Hurricane Maria left Puerto Rico decimated in September 2017. While recovery efforts are underway, the island still faces many challenges to truly get things up and running. Emergency organizations, governments, and private businesses are all pitching in to get the island's recovery efforts moving forward. Google has offered to help bring the hurricane battered island some help in their communication infrastructure using a pretty awesome approach. How is Google helping Puerto Rico's communication needs? 

Like most things in life, communication is very important. Whether it’s making shopping plans or fixing up an entire island hit by extreme weather, the ability to communicate is key and one of the most vital needs in a recovery effort. Supplies need to be ordered, workers need to be surveyed, and the daily needs of the residents must be shared among a large group of individuals. Over 75% of Puerto Rico's cellular towers are still offline making it very difficult, and in some cases near impossible, to communicate with loved ones, friends, or even emergency workers. The immediate need for a better communication infrastructure was noted by emergency workers, and this is where Google comes in. 

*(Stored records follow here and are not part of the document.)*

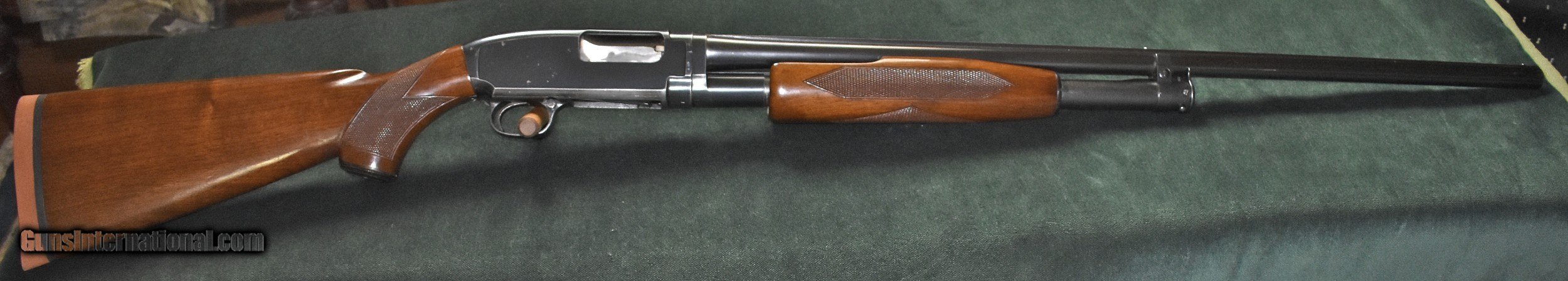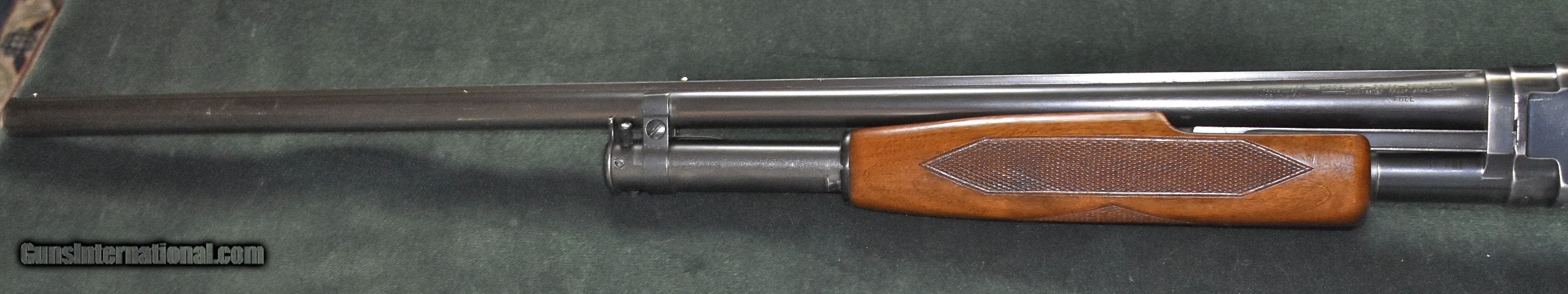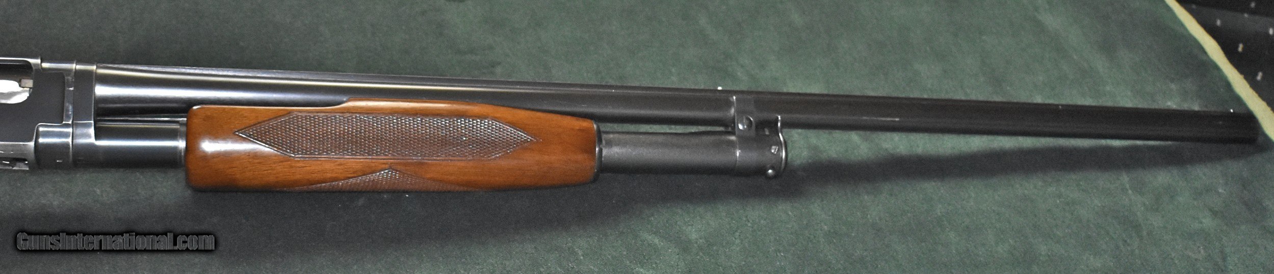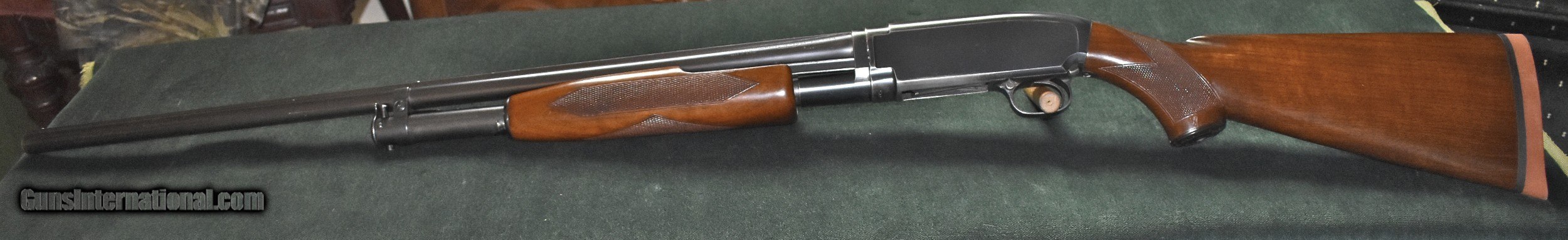 Description: Winchester model 12 20 gauge deluxe field grade.Built in 1953,this gun has a 28" solid rib barrel choked full.The gun is in very good original condition.It retains 95% of the original blue finish and 98% of the original wood finish.The stock has a 14" LOP over a Winchester solid pad.The stock and forend are sound with no cracks or damage.The bore is mint and free of any rust,dents,or pitting.The action works smoothly and locks up tight.This is a great classic hunting gun.Nice enough to take pride in but not too nice to shoot.C&R eligible. SOLD Curio/Relic: Yes Shotgun Gauge: 20 Gauge Manufacturer: Winchester Model: Deluxe field Serial Number: 1381605 Barrel Length: 28 Chambers: 23/4 Condition: excellent Metal Condition: very good Wood Condition: excellent Bore Condition: mint Barrel Type: Winchester proof steel Action: pump Stock Dimensions: 14"x11/2"x21/4 Fore End: Checkered Beavertail Butt Pad: Winchester solid pad Rib: Solid rib Manufacture Date: 1953 Chokes: full |
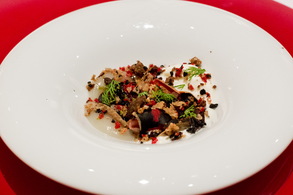 Eine knusprige Textur, ein facettenreicher Geschmack nach Pilzen und Wald und dazu ein Löffel der nach Harz schmeckt. Eigentlich gute Voraussetzungen für einen spannenden Spaziergang durch das Unterholz, doch irgendwie will der Funke bei uns nicht überspringen. Uns stört vor allem die salzig, weisse Sülze. So ist dieses Erlebnis weitaus weniger genussreich als die Version die wir bei Heston Blumenthal vor ein paar Jahren erleben durften.
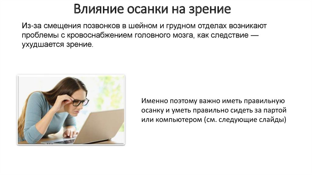 Влияние осанки на зрениеИз-за смещения позвонков в шейном и грудном отделах возникают
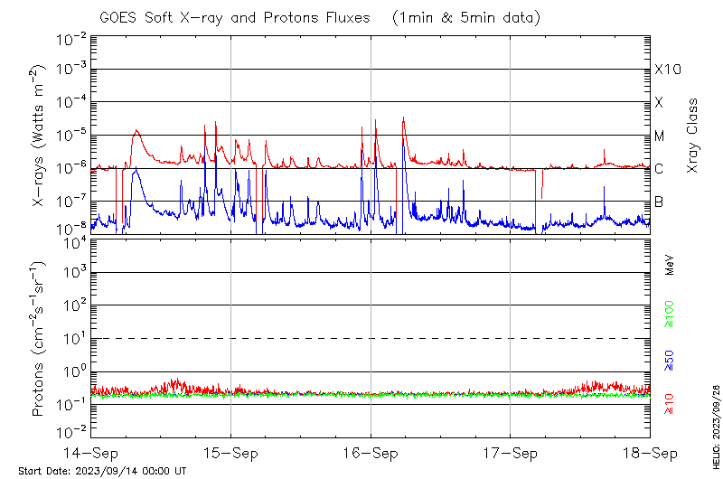 This page provides light-curves generated from GOES soft X-ray and Particle data for the date indicated at the top and the preceding three days.
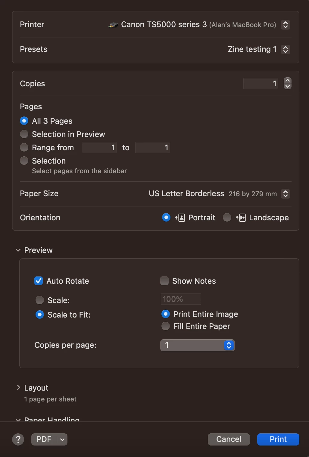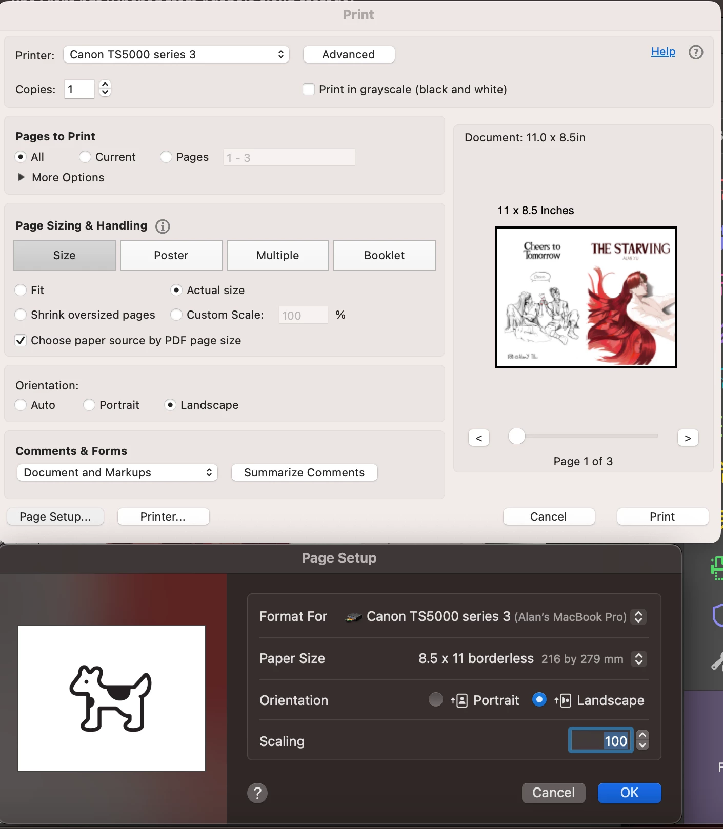 My printer is a Canon ts5000 printer, and I use a Mac OS 13.2.1. I chose to print a booklet through Adobe Acrobat because of the vibrant colours that come through when printing. However, even when I set the paper to "Letter Borderless," a white margin still appears.
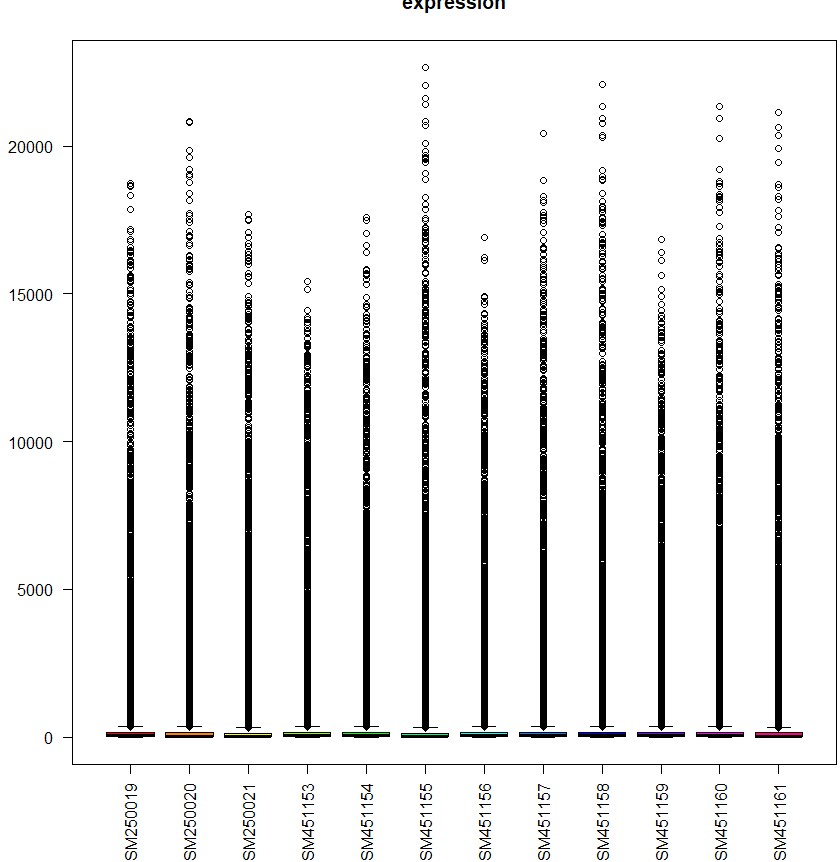利用boxplot(exprSet,col= cols , main ="expression", las =2)得到上图结果,通过加入outline= F,可以纠正错误。
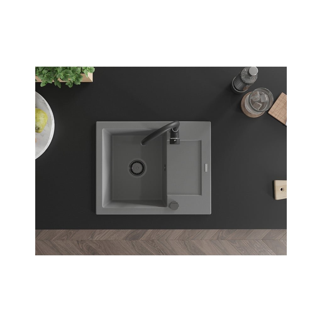 Mexen Enzo, granitový dřez 576x465x174 mm, 1-komorový, šedá s černým sifonem, 6506571005-71-B
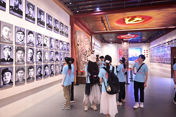 在金寨县革命烈士纪念塔前,团队成员们整齐列队,依次献上白菊,默哀肃立,行三鞠躬礼,以此表达对革命英烈的深切缅怀和崇高敬意。革命博物馆内,实践团成员配合安徽师范大学地理旅游学院志愿者的宣传讲解,结合馆内丰富的文物和史料,共同回顾了革命先辈的烽火岁月,重温了中国共产党人的爱国初心、壮志情怀和革命精神。追随着习近平总书记的足迹,实践团一路汲取养分、笃行不怠,用脚步追寻红色印记,用内心感应时代脉搏。“我们可能没办法完全记住先辈们的名字,但是我们永远不会忘记他们是‘革命英雄’的一员。作为后辈,我们会将革命精神传承发扬,为推进中国式现代化中贡献自己的那份光与热。”参观结束后,团队负责人彭槿同学坚定地说道。
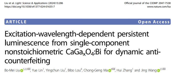 近日,我校轻工化工学院张辉教授领导的研究团队在电光信息技术领域方面取得重要进展。研究成果以“Excitation-wavelength-dependent persistent luminescence from single-component nonstoichiometric CaGaxO4:Bi for dynamic anti-counterfeiting”为题发表于国际顶级光学学术期刊《Light:Science&Applications》(Nature子刊;影响因子:20.6)。我校轻工化工学院刘伯梅副教授是论文第一作者及通讯作者,研究工作依托化学与精细化工广东省实验室揭阳分中心(榕江实验室),星空注册为论文第一完成单位。
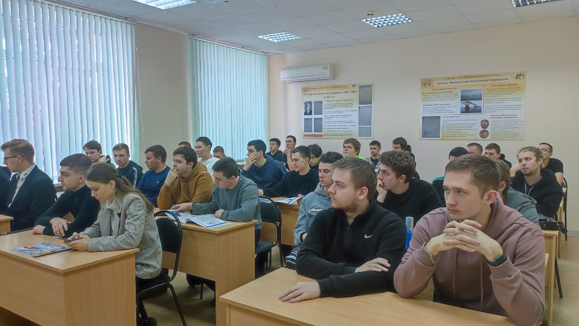 В марте с выпускниками направления «Строительство» профилей «Автомобильные дороги, аэродромы и объекты транспортной инфраструктуры» и «Объекты транспортной инфраструктуры (мосты и транспортные тоннели)» встретились генеральный директор ООО «Саратовзапсибниипроект-2000» Александр Дегтярев и его заместитель Сергей Лазарев.
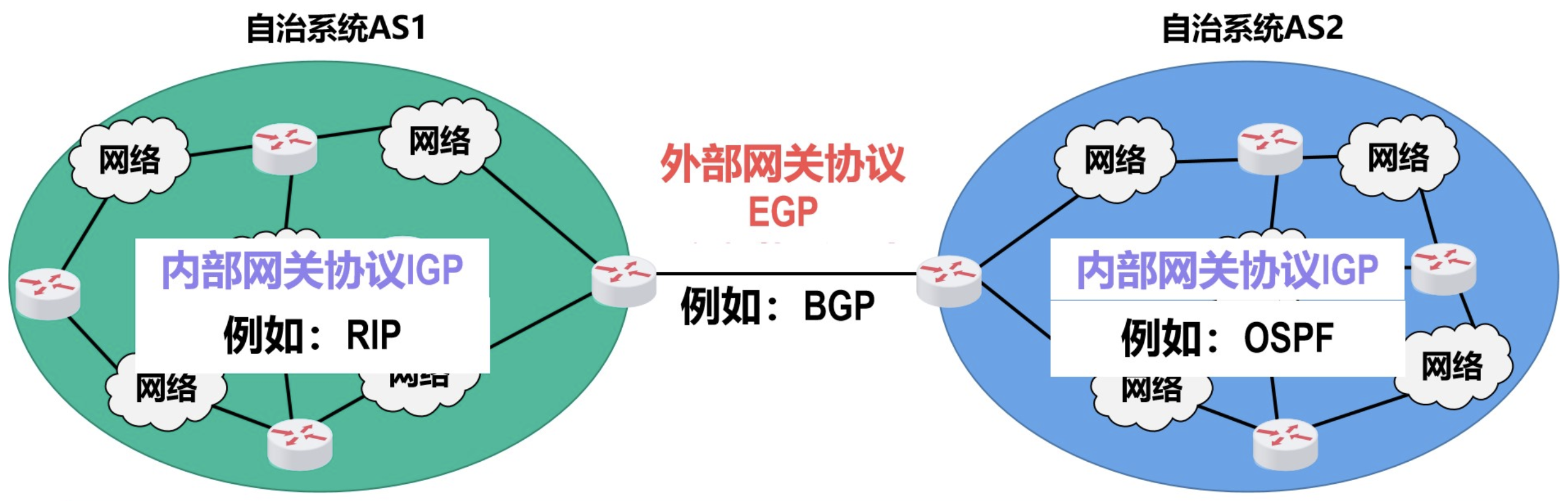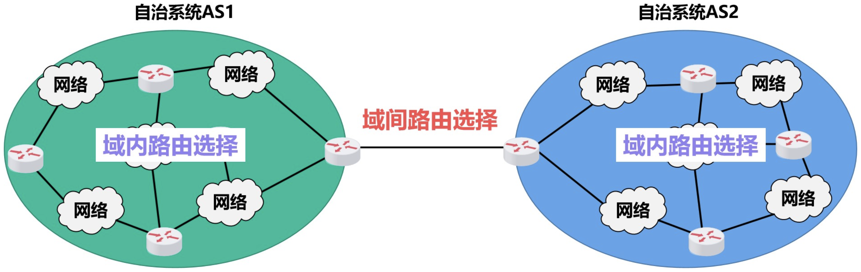 - 分层次:将整个因特网划分为许多较小的自治系统(Autonomous System,AS),在自治系统内部和外部采用不同类别的路由选择协议,分别进行路由选择。
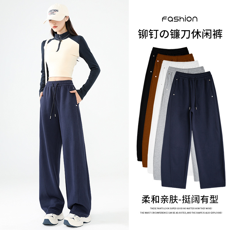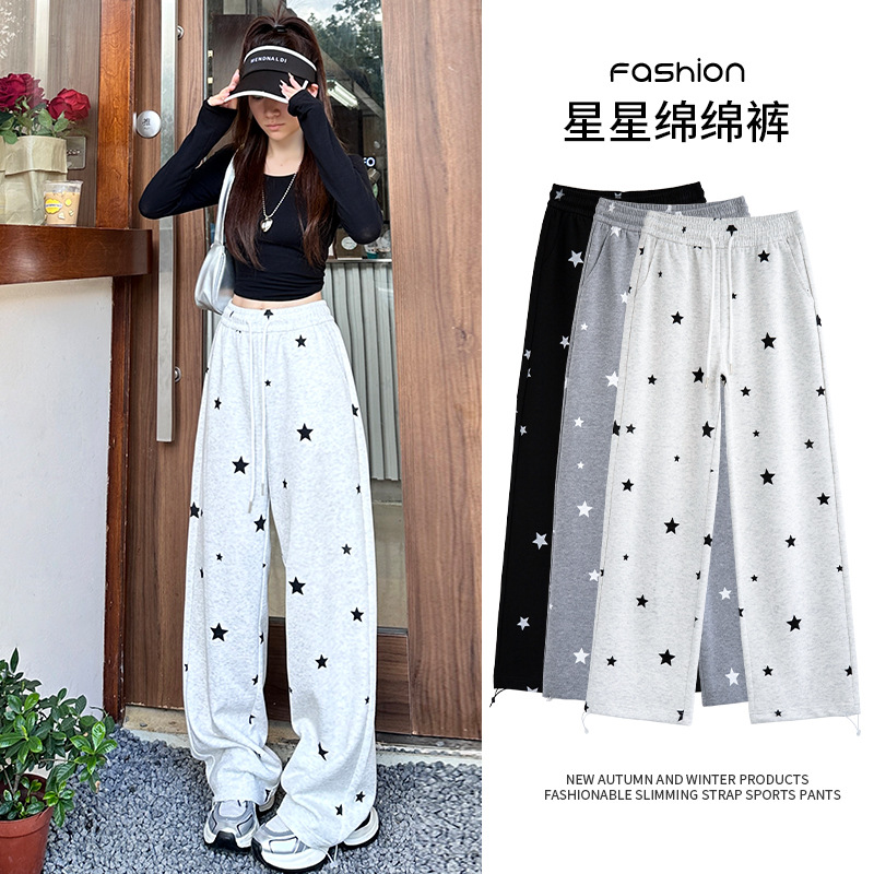 アメリカ五角星広脚ズボン女性秋冬新作高腰長ズボンカジュアルストレートズボンゆったり束足運動衛ズボン
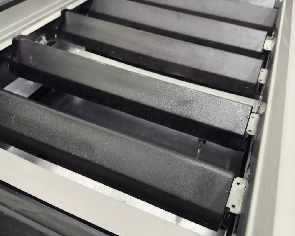 - Calha defletora removível fabricada em ferro fundido, facilitando a limpeza;
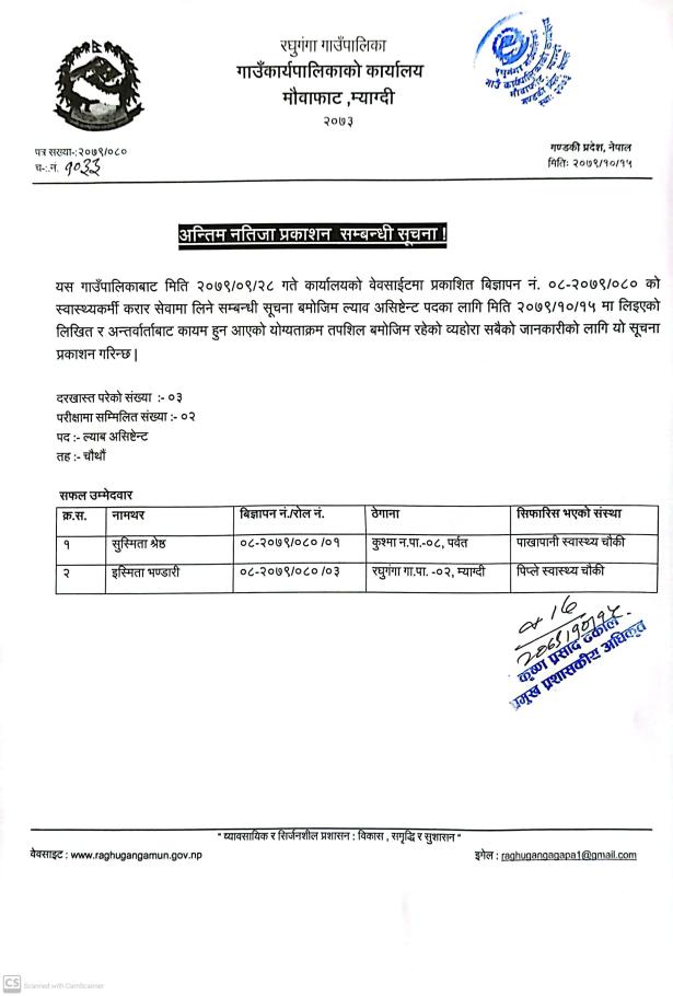 अन्तिम नतिजा प्रकाशन सम्बन्धि सूचना l
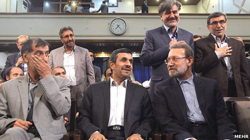 علی لاریجانی (راست) و محمدرضا باهنر (چپ) در دیدار محمود احمدینژاد (وسط) با نمایندگان مجلس شورای اسلامی
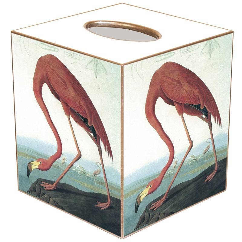 Our decoupage tissue box covers are handmade to order by our wonderful team in Houston, TX. They easily slide over any cubed tissue box cover. The artwork is hand-cut, decoupaged, and polished. Each tissue box cover is hand painted in gold or silver around the edges as the finishing touch. We offer 3 materials for the tissue box covers: 1. Papier Mache: $19 Dimensions: 5.5” H x 5” W x 5” L 2. Wood: $30 Dimensions: 5.25” H X 5” W X 5” L 3. Tin: $30 Dimensions: 5.75” H x 5.125” W x 5.125” L

Google has begun work on restoring LTE cellular service to the over 3.5 million Americans living in Puerto Rico and parts of the Virgin Islands. To do this, Google will float a network of helium balloons 65,000 feet in the air, blanketing the region below with cell service. This undertaking is called Project Loon, and these hurricane battered areas will be the next location for this project, which has already been used in disaster relief in many other countries. Project Loon made headlines earlier in the year when it was used to bring internet to the flooded areas of Peru, and similar projects sponsored through Google have helped folks in France, Brazil, Indonesia, and Sri Lanka, among others. 

In the past, these floating cell towers have been able to facilitate the transfer of about 160 GB worth of data. That's enough to send about 30 million What's App messages or 2 million emails. Even more impressive is that they can cover an area the size of Sweden. Puerto Rico is significantly smaller, so these balloons should be able to provide ample coverage as teams work around the clock to deal with recovery and restoration efforts.

The next step here is getting Project Loon technology and coding to integrate and function with the telecom partners and providers on the ground. If everything goes as planned, Google will be able to provide this service through the initial recovery efforts from now until April 2018.

These regions will face years of rebuilding, but Google's floating cell towers would at least make urgent communication infrastructure one less thing that's left up in the air.